Murray was the lead member of a team with Henesian and Jeff Paisner in the study of atmospheric SRRS for the Star Wars Program at LLNL. Murray correctly identified transverse stimulated Brillouin scattering at the third harmonic as the cause of optical damage in the NOVA large aperture fused silica focusing optics and suggested using a small amount of bandwidth on the laser pulse to mitigate the damage.
Several of Murray’s publications remain highly cited to this day, including “Raman Pulse-Compression of Excimer Lasers for Application to Laser Fusion,” published in IEE Journal of Quantum Electronics (Vol 15, Issue 5, 1979) and co-authored by J. Goldhar and D. Eimerl et al; and “National Ignition Facility Laser Performance Status,” in Applied Optics (Volume 46 Issue 16, 2007) and co-authored by C. A. Haynam, P. Wegner, and J. Auerbach.
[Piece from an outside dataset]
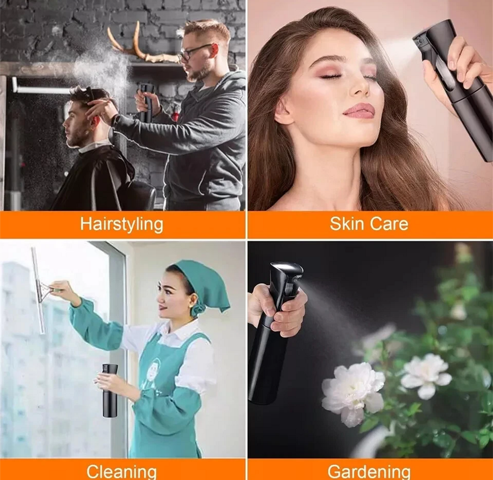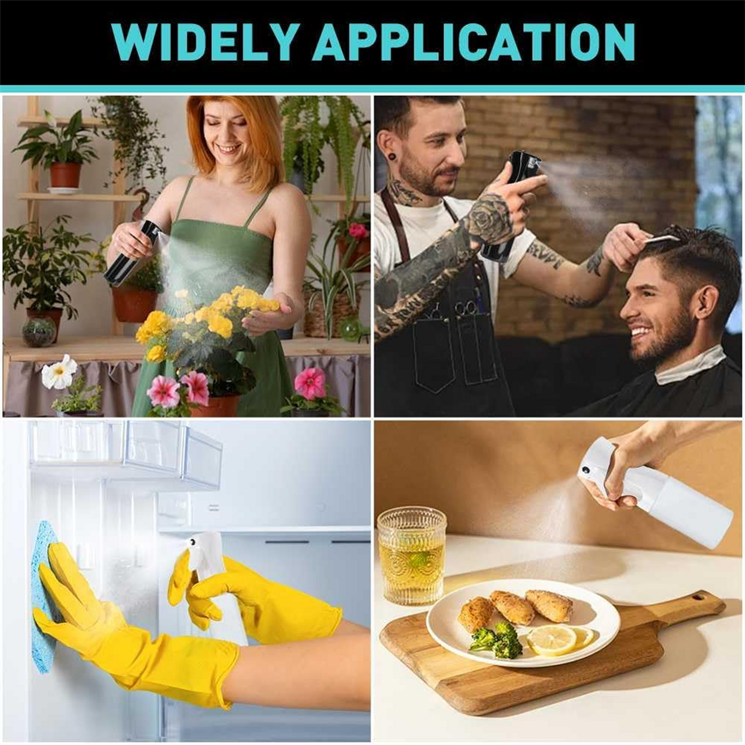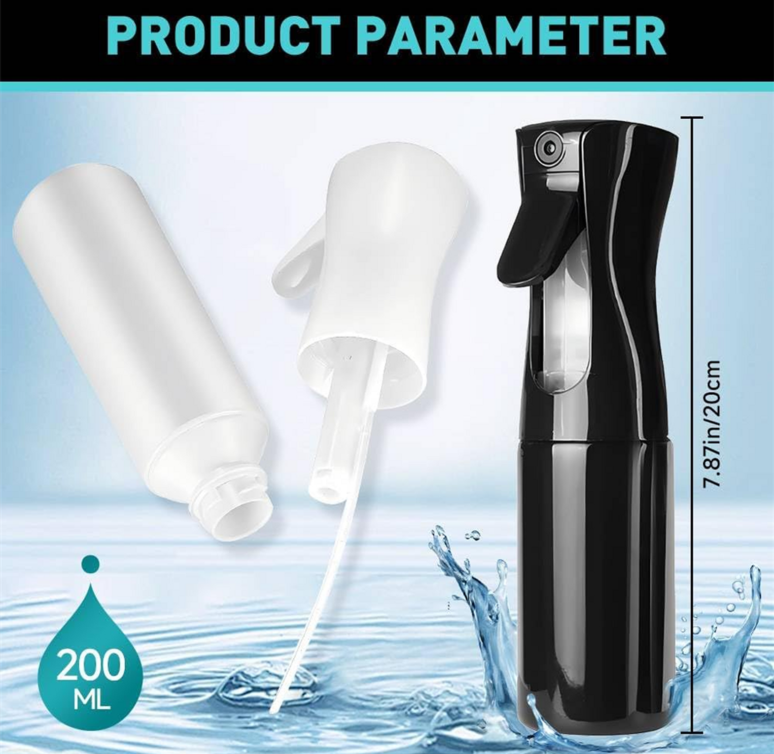 300ml fine mist continuous hair spray bottle perfect for use on human hair. refillable design :as a refillable bottle, it offers convenience and sustainability. you can reuse it again and again, reducing waste and saving money in the long run. semi-automatic feature :the semi-automatic feature of this bottle allows for easy, hands-free operation. simply press the button to activate the continuous fog, making your task simpler and more efficient. gardening disinfection spray bottle beauty hairdressing continuous spray fog bottle semi-automatic continuous fog.

Murray began his association with Optical Society of America (OSA) publications in 1984 as a topical editor for JOSA B. In 1991 he became a divisional editor for Applied Optics, and he served as editor-in-chief from 1993-1999. He was chairman of the OSA Publications Council from 2000-2002. He was elected a Fellow of OSA in 1993.
Murray enjoyed his family, photography, woodworking, and carpentry. In addition to his many accomplishments, he will be especially remembered for his great vision and mentoring and encouragement of young scientists, and as a kind and empathetic friend to all. He will be sincerely missed by his family, many friends, and many past colleagues.